Ce n'est pas à une histoire simple à laquelle s'est attaqué Mélanie Charbonneau dans Seule au front. Habituée des récits qui mettent en scène des femmes au premier plan, la réalisatrice réussit à transmettre l'injustice qu'a vécue Sandra Perron, véritable première officière du Canada, au cours de sa carrière dans les Forces armées canadiennes. Les hommes sont omniprésents dans le film, le seul personnage féminin d'importance étant Sandra, les autres ne servant qu'à montrer l'isolement du personnage principal dans ce milieu en définitive masculin.
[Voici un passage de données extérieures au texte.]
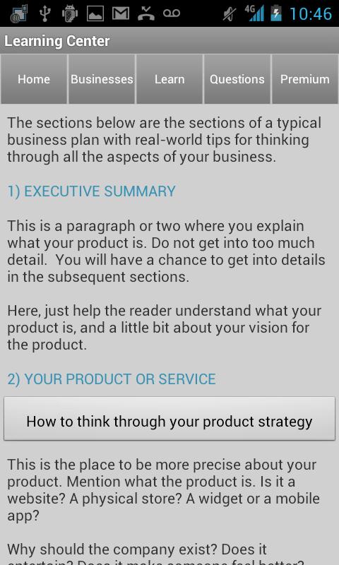 3) Ask questions about your business plan to our entrepreneur community and get help from your fellow small business owners. And if you want expert help, please get our premium app where we offer professional help with your business plan.

Ce n'est pas tant les dialogues souvent durs qui frappent que les émotions qu'il est possible de lire dans les yeux des comédiens. Nina Kiri, dans le rôle de Sandra, est époustouflante. Antoine Pilon, l'intimidateur principal, est sans surprise très impressionnant, lui qui réussit à s'imposer à l'écran d'un seul regard. Vincent Leclerc, tortionnaire et/ou allié (la ligne est floue dans son cas et ce n'est jamais tranché), navigue bien dans ce spectre.
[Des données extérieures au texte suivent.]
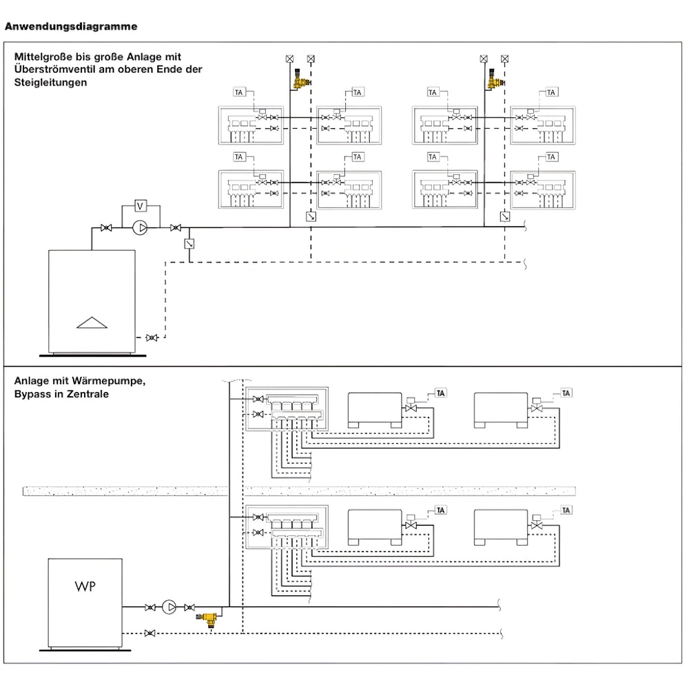 Potrivit pentru sisteme de încălzire, răcire și pompe de căldură cu debit variabil. Deosebit de util în sistemele cu mai mulți consumatori, actuatoare sau pompe cu turație controlată pentru a asigura o limitare minimă a debitului și a presiunii.

Bien que le propos du film soit axé sur le parcours de Sandra et sur les injustices qu'elle a vécues, il est parfois difficile de discerner le véritable enjeu du récit. Alors que des photos d'elle lors d'un exercice à un camp d'entraînement menacent d'être publiées dans les médias pour dénoncer la violence d'un supérieur, elle doit se confronter à des hauts-gradés qui l'accusent de vouloir créer une controverse. Hors, Sandra ne croit pas avoir été maltraitée lors de l'exercice et affirme qu'elle n'a pas été traitée différemment de ses confrères masculins par le capitaine Pritchett (Leclerc). Toutefois, la violence subie au quotidien par Sandra aux mains de ses collègues ne sera abordée de front à aucun moment. Au camp d'entraînement, elle se fait lancer toutes sortes d'insultes, se fait ligoter lors d'épreuves pour l'empêcher de continuer, et est constamment sexualisée. Sans doute revendique-t-elle le droit d'être reconnue comme une égale par ses collègues et ses supérieurs, mais à cause du contexte, il paraît parfois difficile à la protagoniste de discerner ce qui est acceptable de ce qui ne l'est pas. Si tous ne vivent pas des discriminations liées à leur genre, la brutalité est omniprésente. Par exemple, lorsque Sandra obtient finalement son grade d'officière, elle se fait mettre la tête de force dans une toilette à plusieurs reprises. On finit par comprendre qu'il s'agit d'une initiation rituelle. Ce qui pourrait être perçu comme une anomalie n'est pas toujours évident, ça se perd au milieu de toute la violence ordinaire de l'environnement.
Là où le film est clair, c'est que Sandra a eu une carrière plus courte que ce qu'elle aurait voulu à cause du manque d'affectations intéressantes et des préjugés sur les femmes, malgré ses compétences avérées. Ce sont les barrières systémiques qui sont plus officiellement critiquées. C'est dommage puisque si elles sont effectivement un obstacle réel, le traitement quotidien que subissent les femmes l'est aussi. On aurait aimé que le film aille plus loin. Il montre, oui, mais ne dénonce pas beaucoup. La vraie Sandra Perron, après son changement de carrière, a fait de réelles choses pour changer les mentalités envers les femmes dans l'armée. Il aurait été intéressant de voir davantage cet activisme en celle qui subit beaucoup dans le film et agit peu.